THE DATA START

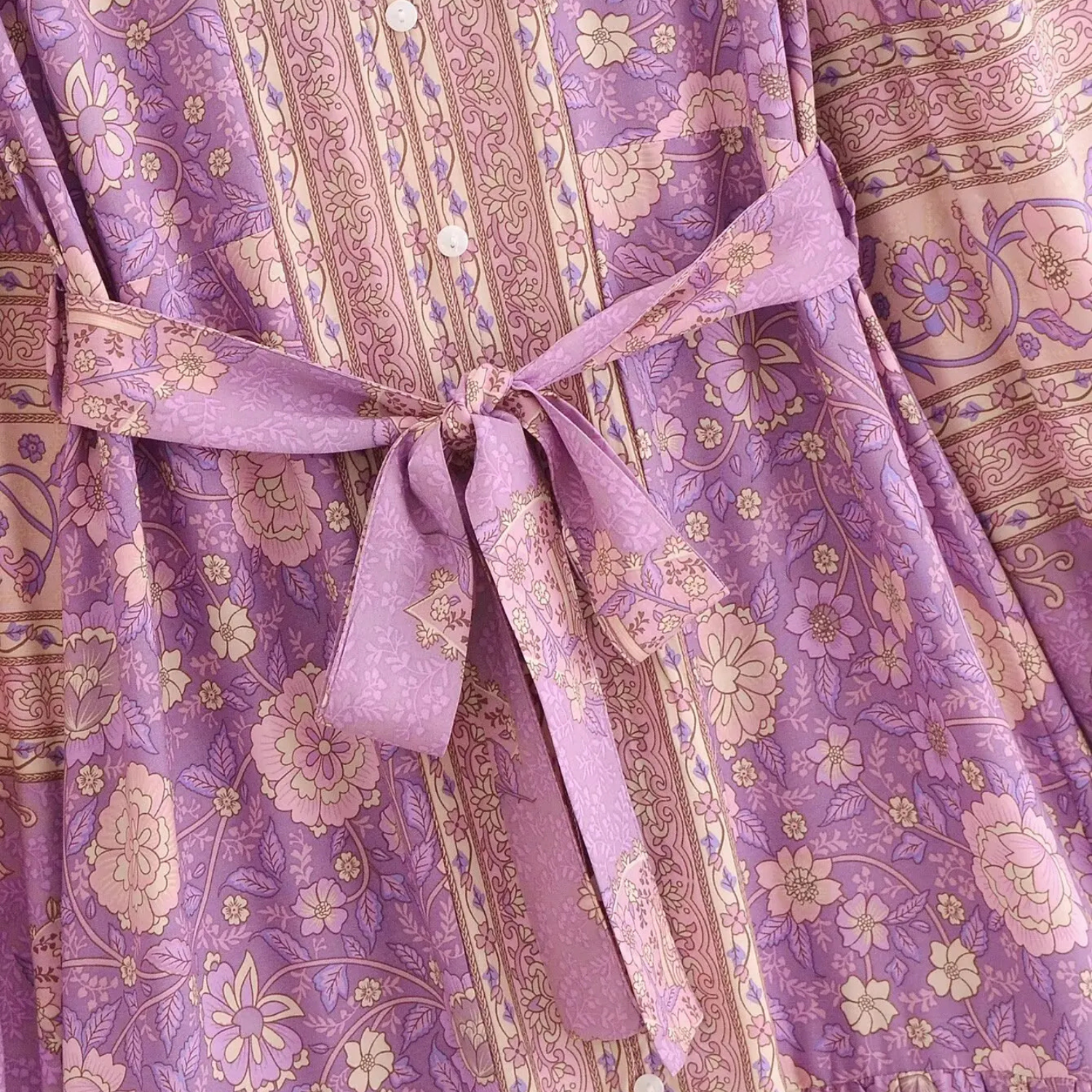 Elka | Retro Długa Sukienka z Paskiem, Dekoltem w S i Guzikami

THE DATA END
THE DATA START

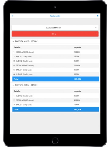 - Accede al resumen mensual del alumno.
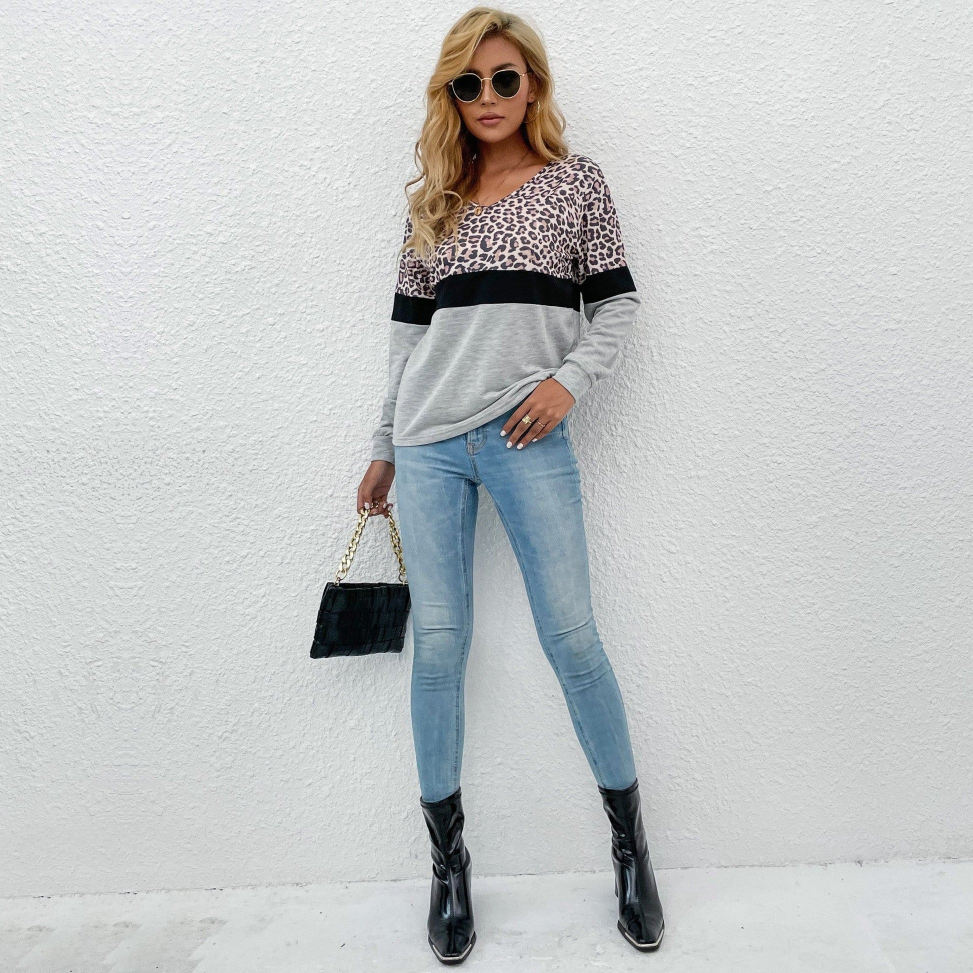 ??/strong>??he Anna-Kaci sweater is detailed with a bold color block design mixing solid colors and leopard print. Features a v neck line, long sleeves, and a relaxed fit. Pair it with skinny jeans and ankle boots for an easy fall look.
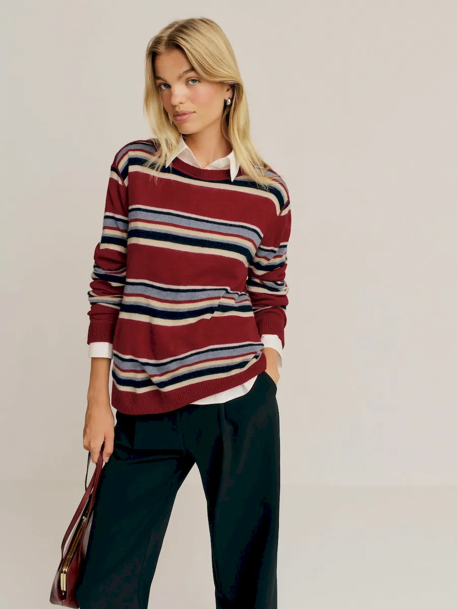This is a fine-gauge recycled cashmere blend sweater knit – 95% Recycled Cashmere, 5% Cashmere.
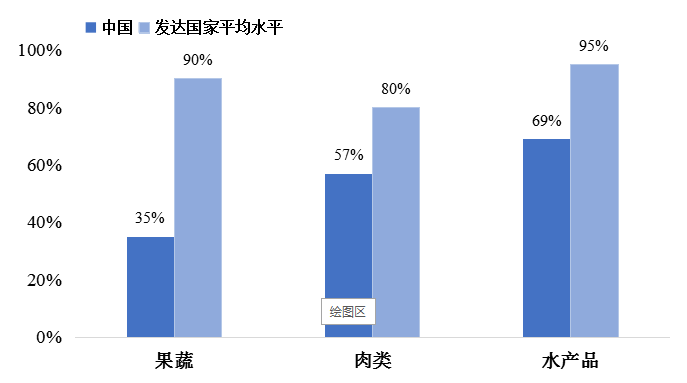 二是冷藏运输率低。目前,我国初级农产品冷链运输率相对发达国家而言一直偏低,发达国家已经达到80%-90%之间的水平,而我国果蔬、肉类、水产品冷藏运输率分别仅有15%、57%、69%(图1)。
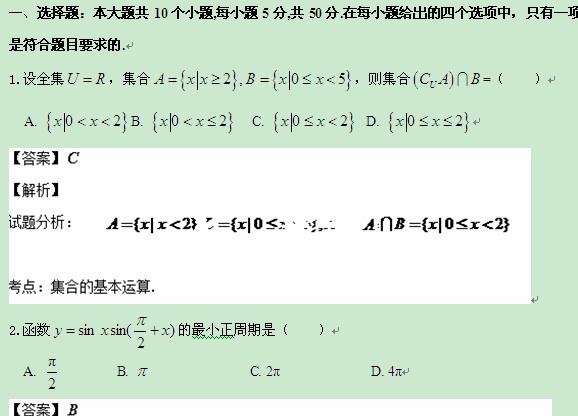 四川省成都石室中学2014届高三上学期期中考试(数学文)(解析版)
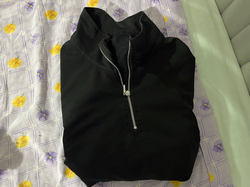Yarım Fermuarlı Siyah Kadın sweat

THE DATA END

WORK ORDER =>
Among the entries above, locate the line with "This is a fine-gauge" and the line with "Yarım Fermuarlı Siyah Kadın sweat". Give those two lines and all lines between them again, exactly, leaving out the pictures.

WRITTEN REPLY =>
This is a fine-gauge recycled cashmere blend sweater knit – 95% Recycled Cashmere, 5% Cashmere.
 二是冷藏运输率低。目前,我国初级农产品冷链运输率相对发达国家而言一直偏低,发达国家已经达到80%-90%之间的水平,而我国果蔬、肉类、水产品冷藏运输率分别仅有15%、57%、69%(图1)。
 四川省成都石室中学2014届高三上学期期中考试(数学文)(解析版)
Yarım Fermuarlı Siyah Kadın sweat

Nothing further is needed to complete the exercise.